En esta carretera de Cerdeña, tan vacía como el vestíbulo de un aeropuerto durante la crisis del covid-19, al volante del SVJ en modo Corsa, el tiempo se detiene como en Interstellar. Cada interminable y ensordecedoramente musical subida del cuentavueltas te envía a un maravilloso paraíso donde la velocidad se funde con el ruido. Ni la velocidad de los V8 biturbo de los superdeportivos modernos ni las impresionantes prestaciones de los nuevos motores eléctricos volverán a dar acceso a este tipo de comunión total. Y todo lo demás en el coche está en sintonía: el tren delantero es comunicativo y está sólidamente adherido a la carretera incluso sin los semi-slicks, permitiéndote atacar cada curva con confianza. El coche subvira progresivamente al límite pero pivota muy bien al levantar el pie. A pesar de la violenta transmisión y de la entrega de potencia, el pesado Aventador puede ser empujado con fuerza a la salida de las curvas sin temor a una sobredosis en el tren trasero. Para deslizarse generosamente con esta máquina imperial en carretera abierta, tendrá que llevar los límites de lo razonable muy, muy lejos. Ni siquiera la desconcertante consistencia del pedal de freno, no tan directa como la de un McLaren de la serie LT, impide aplastarlo sin miedo.

Lamborghini Aventador SVJ en pista

Así que voy y vengo por el mismo tramo de carretera, al ritmo de los empujes de la caja de cambios y los largos vuelos en la zona roja, no sin notar que el indicador de combustible baja en un instante. Retraso la frenada hasta que tiro de la parte inferior del cuatro, una y otra vez. Hasta el momento en que, con las manos temblorosas tras unas curvas tomadas con un ligero deslizamiento de las cuatro ruedas, mis tímpanos aún vibrando por el rompedor V12 del Lamborghini, me siento lleno como después de una cena pantagruélica. Por supuesto, probablemente habría seguido yendo y viniendo durante mucho tiempo sin un indicador de combustible que ya estaba al límite de su reserva, después de largos minutos en los que los doce cilindros quemaron -para mi único placer- la mayor parte de los 85 litros de combustible que contenía el gran depósito.

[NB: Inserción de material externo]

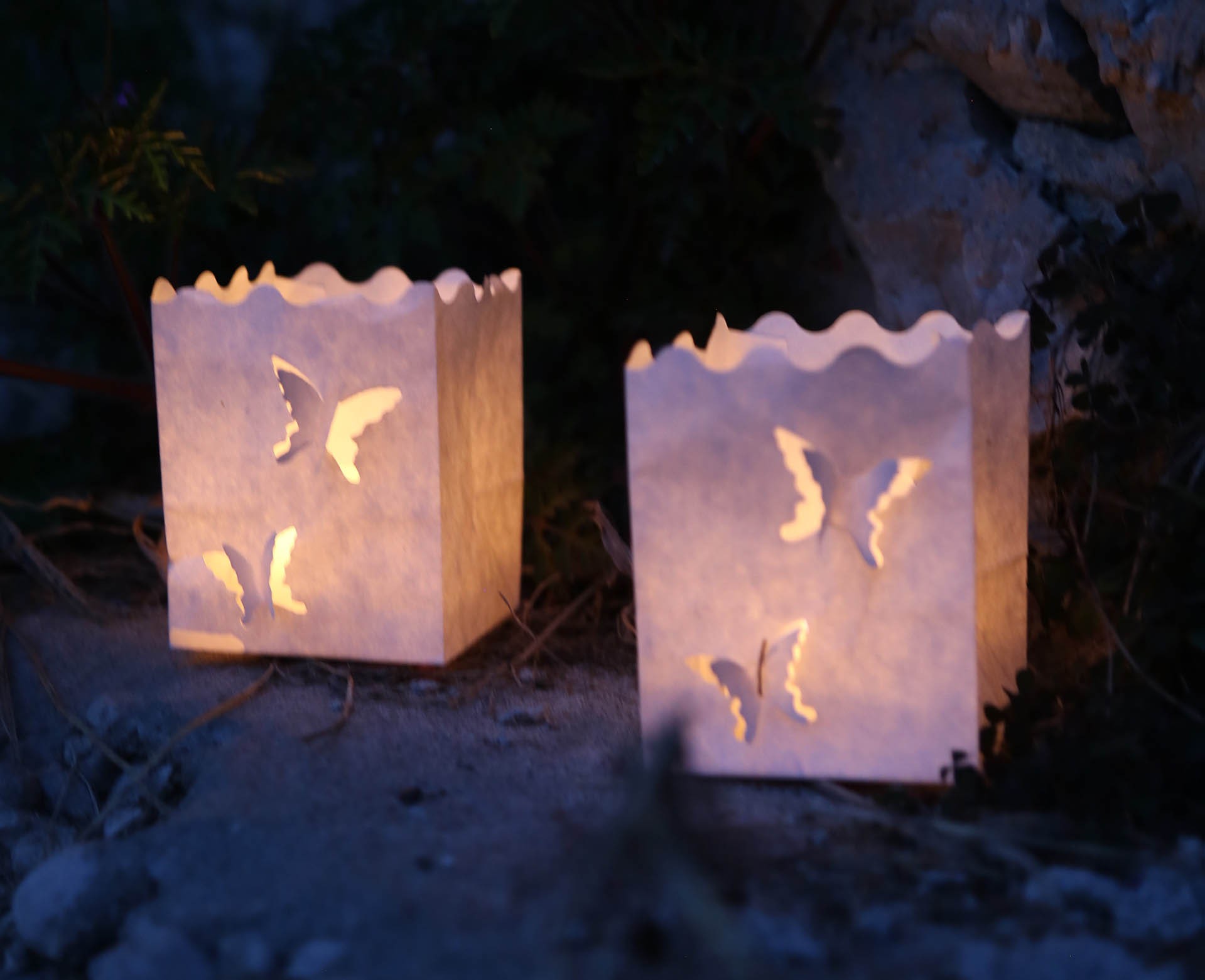 Set 10 mini lanterna carta ignifuga con farfalle 7.5 x 7.5 h10 cm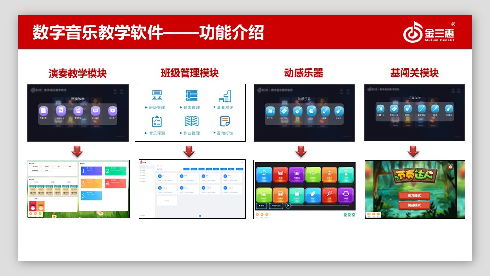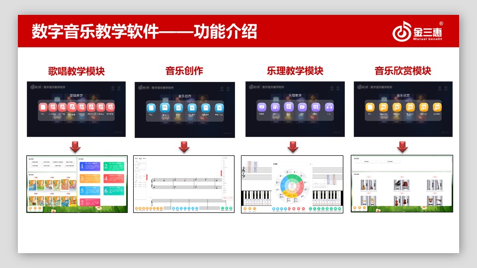 金三惠提供一站式「新常態音樂教室解決方案」「數字音樂教育綜合解決方案」,熱銷產品有:數字音樂教學軟件、美育測評訓練平臺、電鋼琴/電子琴教學管理軟件、電鋼琴教室、智慧音樂素養教室、數字電教板、各大類音樂器材、音樂教學設備等。為區域音樂教育提供管、教、學、評、練綜合平臺,打造智慧平臺+智能硬件+數字資源+智能管控+教學評價為一體的全場景學習生態,實現區域數字化音樂教育轉型。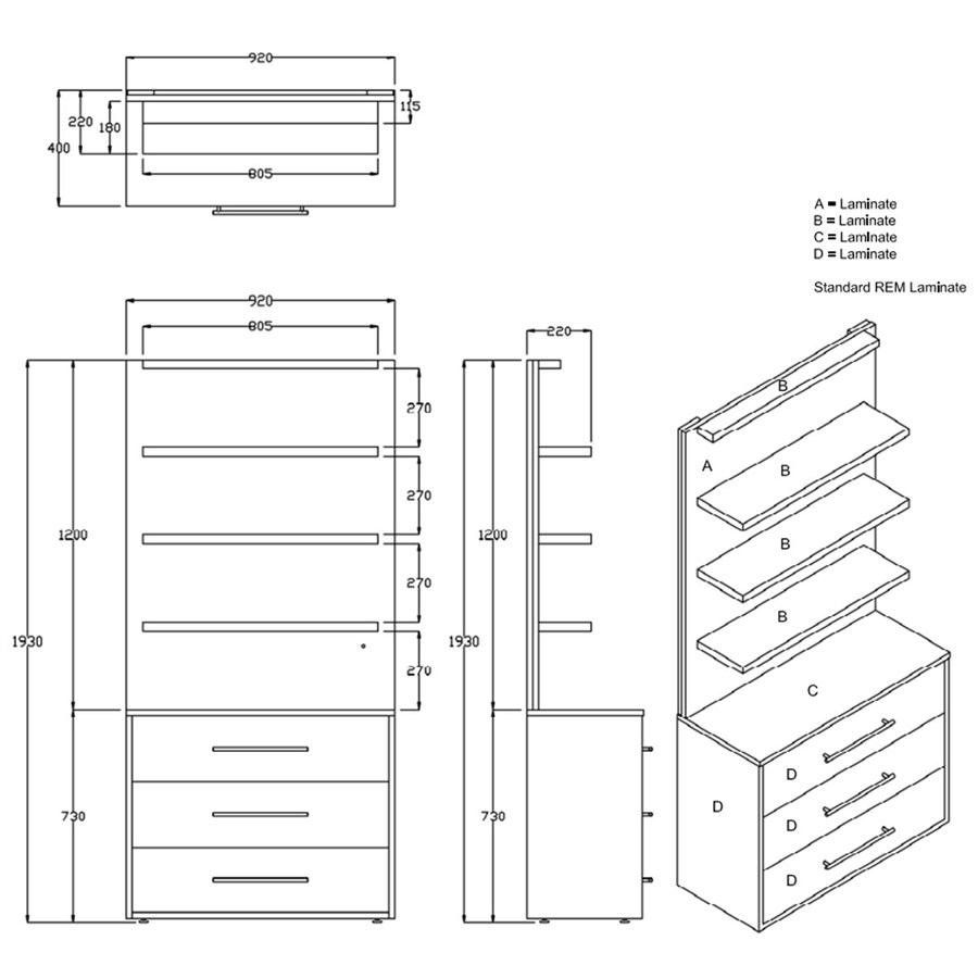 - Shelf Width: 805 mm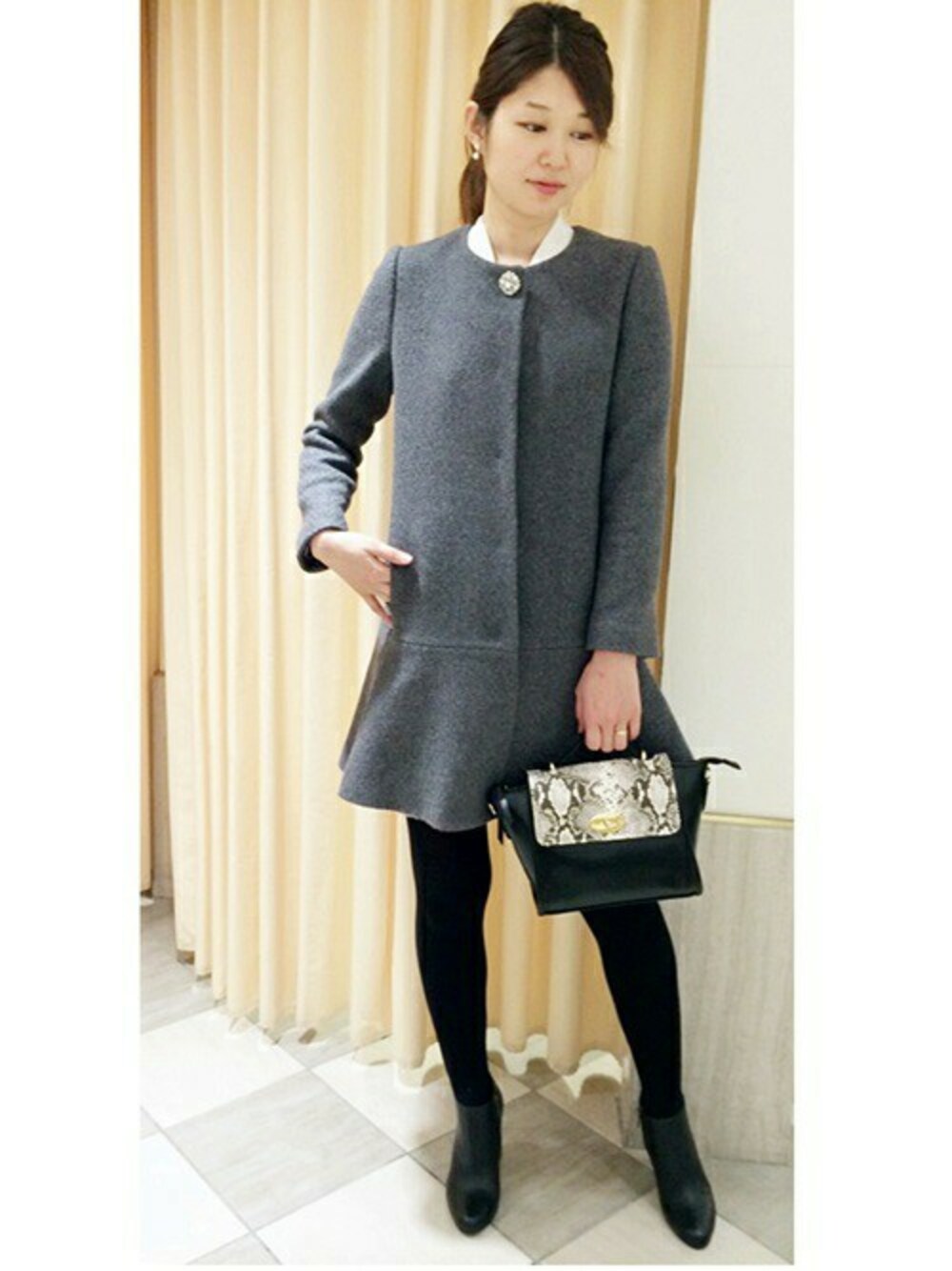 フレアーの可愛いコートに辛口パイソン柄のバッグで、大人のコーディネート。可愛らしさも抑えられたスタイリングです。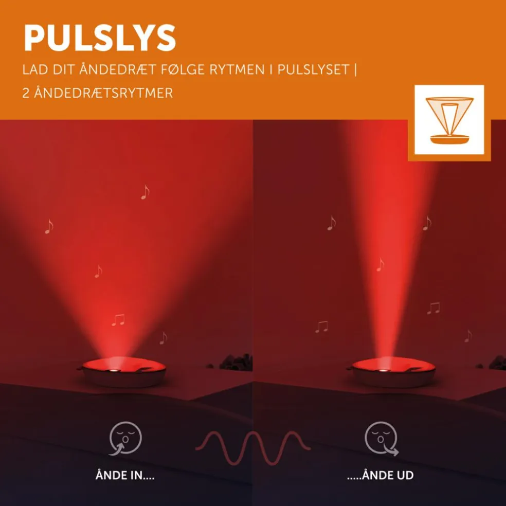 Ved at lytte til vejrtrækningslyde og se pulslyset blive større og mindre, vil den lille automatisk følge rytmen og lettere falde i søvn.
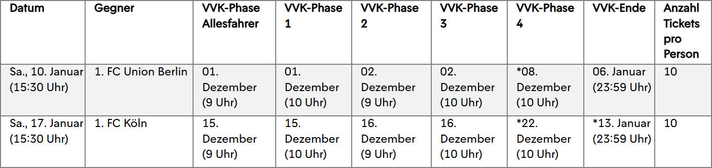 Die Ticketbörse für das Auswärtsspiel beim 1. FC Köln ist bis zum 13. Januar 23.59 Uhr, freigeschaltet.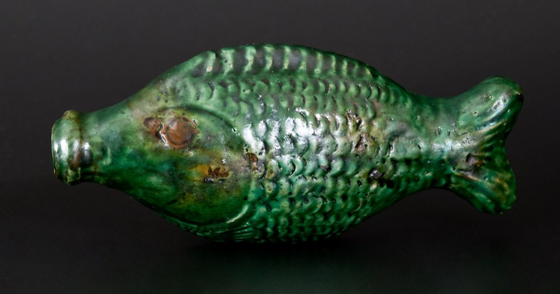Exceptional Green-Glazed Redware Figural Fish Bottle,

Lamborghini Aventador SVJ sesión de fotos en el mar

Pero para ser sincero, no siento ninguna frustración ante la idea de tener que parar. Volví a poner el coche en modo Strada, dejando que la SVJ se encargara por sí sola del desordenado cambio ISR del automático. El V12 ya no grita, sino que gruñe tranquilamente en el fondo en sexta o séptima marcha para mantener el coche en movimiento como un senador en la red de carreteras de Cerdeña. Mi corazón sigue latiendo rápidamente y me invade una sensación de plenitud total. Siento que puedo morir en paz después de este corto y solitario paseo en una SVJ por una hermosa carretera de Cerdeña. Siento que he alcanzado la cima absoluta de la emoción que puede proporcionar un vehículo con cuatro ruedas y un volante. Me encantaría volver a conducir un coche de Fórmula 1, superar los 356 km/h en un Bugatti Chiron o volver a un McLaren 675LT Spider. Pero la mayor fantasía que me obsesiona día y noche ahora es volver a probar la misma experiencia con un Aventador SVJ en versión Roadster. Hay un puñado de máquinas en el mundo que son más rápidas, más eficientes o más sofisticadas que este gran Lamborghini, cuyo diseño básico se remonta a principios de la década pasada. Los futuros superdeportivos eléctricos de Lotus, Rimac o Tesla probablemente le harán frente en términos de aceleración o tiempos de vuelta. Pero nunca me he sentido tan cerca de mi sueño de la infancia. Entiendo la necesidad de convertir nuestros coches familiares a las tecnologías más limpias posibles. Pero si vamos a gastar un poco más de combustible fósil, podríamos hacerlo de forma ostentosa: prohibamos todos los viajes en avión y el consumo de carne. Apaguemos Internet y la calefacción. Vende tus Bitcoins y ve a tocar el rompedor V12 de un Lamborghini Aventador SVJ, hará que todos tus sentidos hiervan.